BEGIN EXTRACTED RECORDS
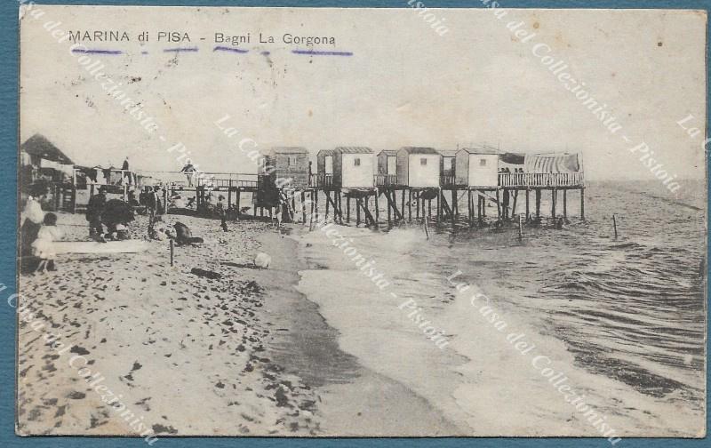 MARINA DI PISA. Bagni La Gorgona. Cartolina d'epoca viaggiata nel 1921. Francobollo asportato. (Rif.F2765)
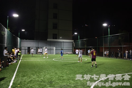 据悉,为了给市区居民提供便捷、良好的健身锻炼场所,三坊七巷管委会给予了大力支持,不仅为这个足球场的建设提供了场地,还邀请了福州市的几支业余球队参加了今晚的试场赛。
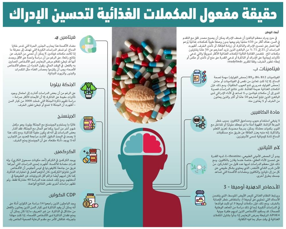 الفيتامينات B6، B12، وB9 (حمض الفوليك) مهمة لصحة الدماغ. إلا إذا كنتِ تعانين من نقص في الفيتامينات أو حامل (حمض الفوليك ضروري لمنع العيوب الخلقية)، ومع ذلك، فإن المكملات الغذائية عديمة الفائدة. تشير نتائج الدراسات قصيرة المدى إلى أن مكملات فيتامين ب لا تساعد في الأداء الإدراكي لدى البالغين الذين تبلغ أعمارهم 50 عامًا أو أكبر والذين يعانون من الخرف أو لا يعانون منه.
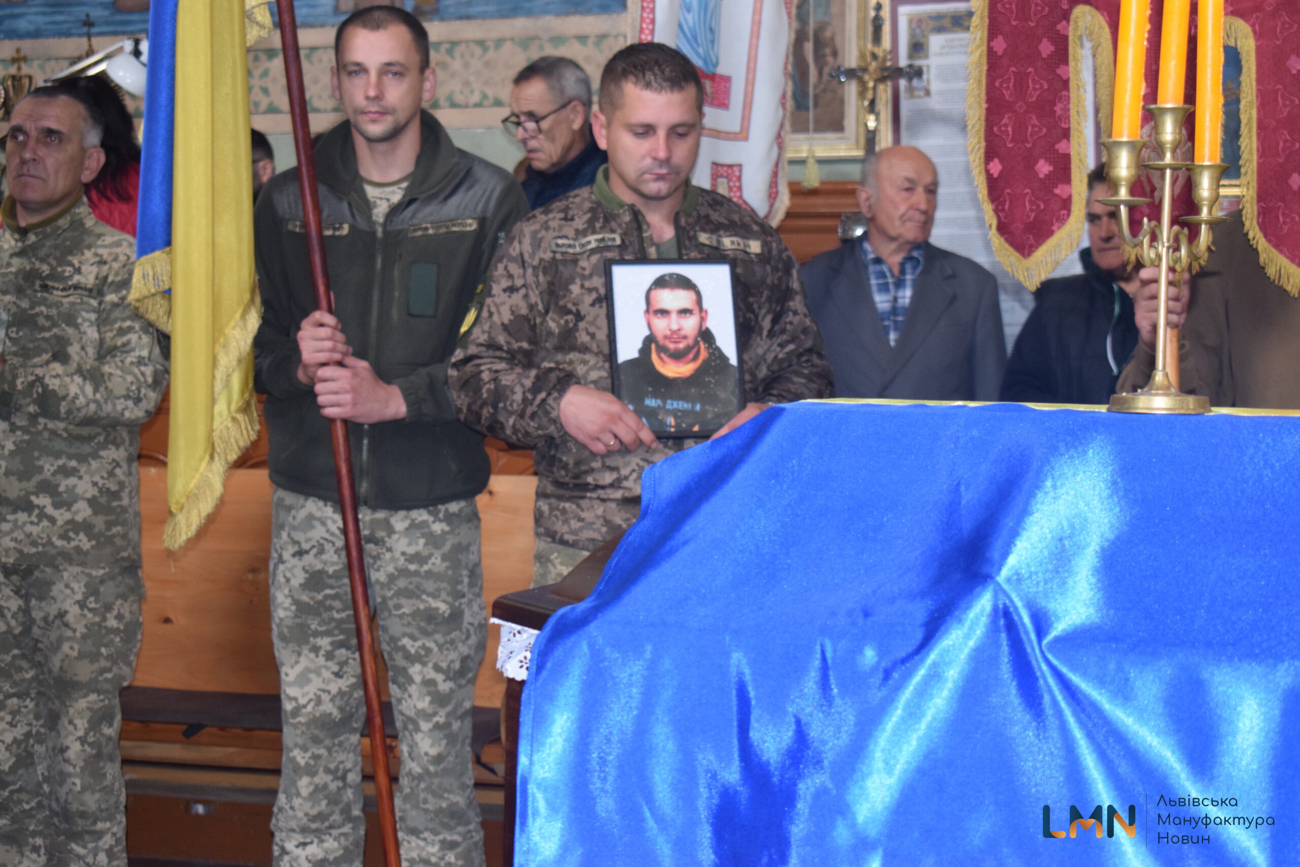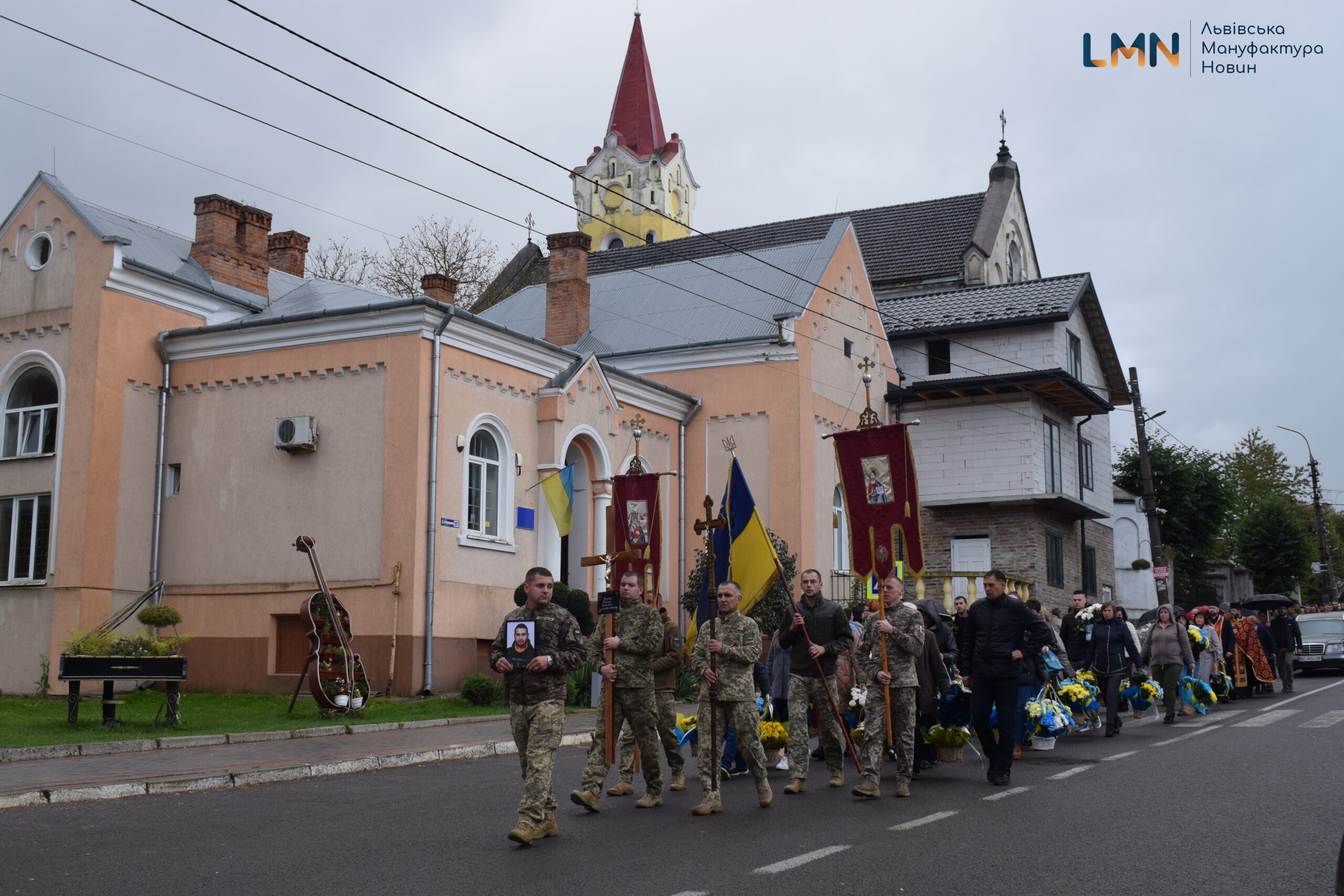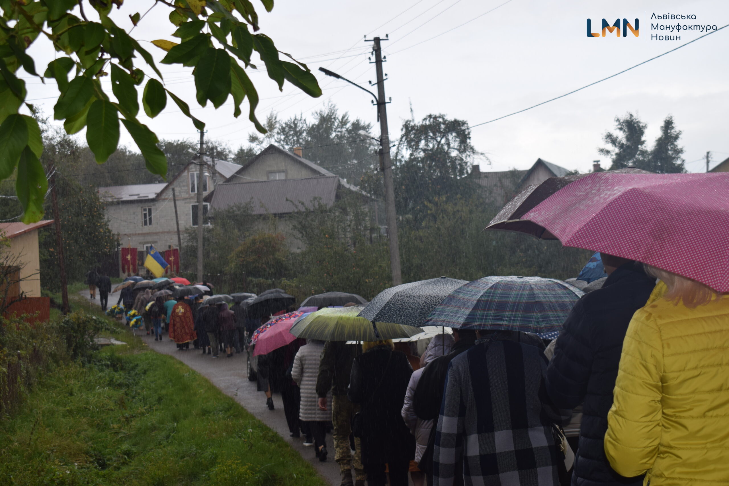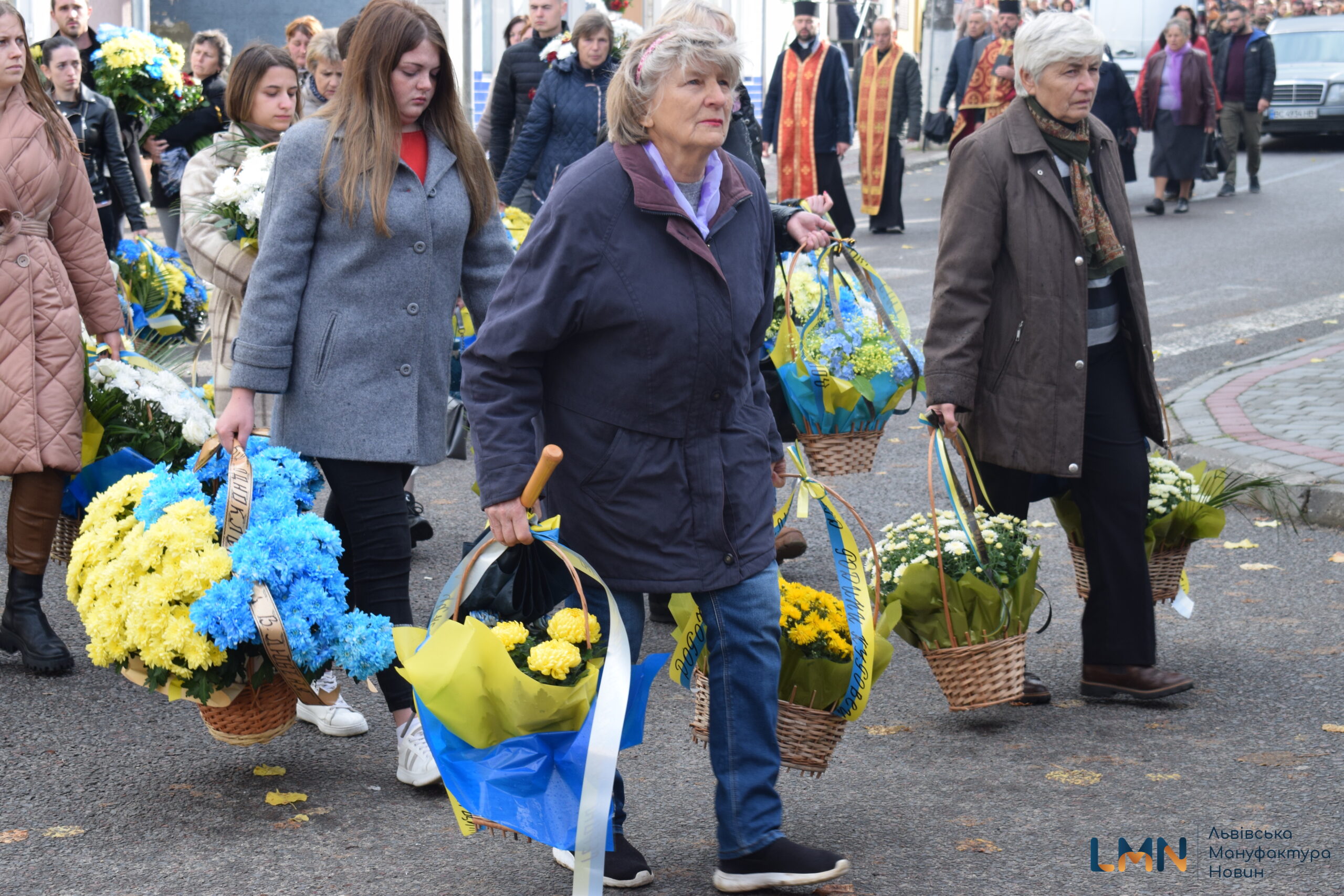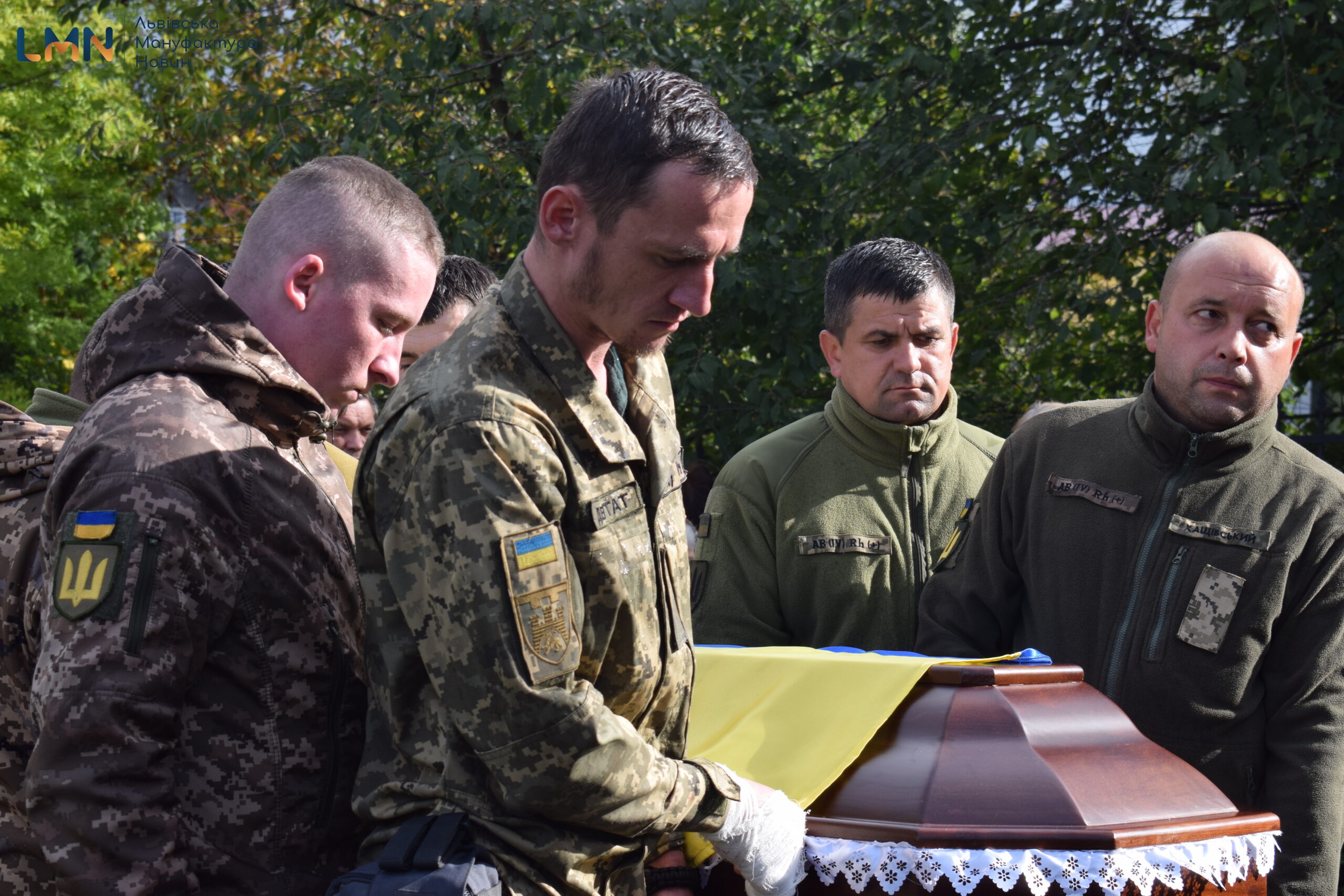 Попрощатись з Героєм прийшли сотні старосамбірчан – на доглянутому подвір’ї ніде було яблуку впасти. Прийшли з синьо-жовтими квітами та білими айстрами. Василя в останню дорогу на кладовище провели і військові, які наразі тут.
END EXTRACTED RECORDS
BEGIN EXTRACTED RECORDS
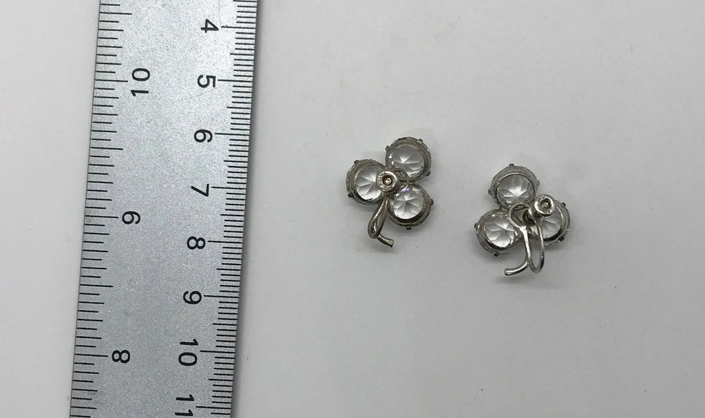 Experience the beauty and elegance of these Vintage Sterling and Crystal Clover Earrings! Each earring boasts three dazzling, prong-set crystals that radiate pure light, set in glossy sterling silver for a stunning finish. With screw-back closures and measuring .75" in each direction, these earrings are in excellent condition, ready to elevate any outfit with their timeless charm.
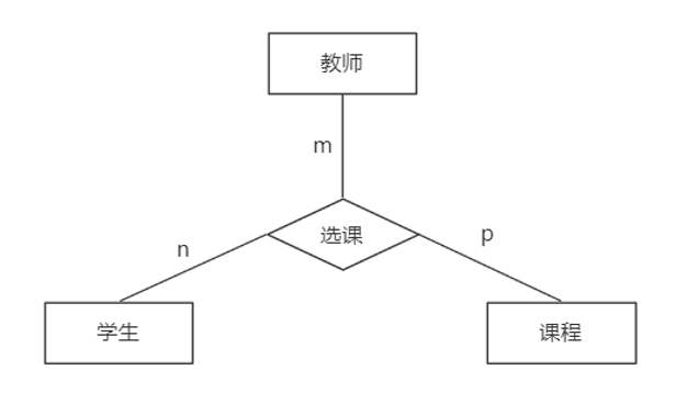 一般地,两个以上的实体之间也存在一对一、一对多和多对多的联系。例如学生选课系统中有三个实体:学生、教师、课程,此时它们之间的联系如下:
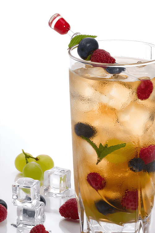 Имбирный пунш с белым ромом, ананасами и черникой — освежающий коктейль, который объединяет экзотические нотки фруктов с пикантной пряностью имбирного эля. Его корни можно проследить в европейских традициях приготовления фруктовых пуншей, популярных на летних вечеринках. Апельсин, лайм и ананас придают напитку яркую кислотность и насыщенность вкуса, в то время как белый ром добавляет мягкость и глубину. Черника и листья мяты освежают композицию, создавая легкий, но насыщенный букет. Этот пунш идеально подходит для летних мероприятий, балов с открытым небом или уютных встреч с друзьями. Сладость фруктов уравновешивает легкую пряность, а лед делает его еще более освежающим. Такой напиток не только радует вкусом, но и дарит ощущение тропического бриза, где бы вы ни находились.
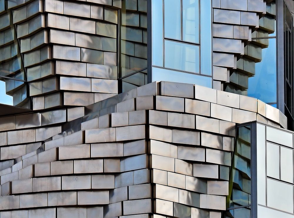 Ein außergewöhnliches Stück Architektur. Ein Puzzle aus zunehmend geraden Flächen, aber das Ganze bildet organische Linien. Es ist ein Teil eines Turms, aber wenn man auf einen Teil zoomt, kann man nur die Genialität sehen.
END EXTRACTED RECORDS
**YOUR GOAL**
Print nothing but the lines above starting with the line that contains "MARINA DI PISA." and going on through the line that contains "据悉,为了给市区居民提供便捷". Leave out the pictures.

**EXERCISE ANSWER**
 MARINA DI PISA. Bagni La Gorgona. Cartolina d'epoca viaggiata nel 1921. Francobollo asportato. (Rif.F2765)
 据悉,为了给市区居民提供便捷、良好的健身锻炼场所,三坊七巷管委会给予了大力支持,不仅为这个足球场的建设提供了场地,还邀请了福州市的几支业余球队参加了今晚的试场赛。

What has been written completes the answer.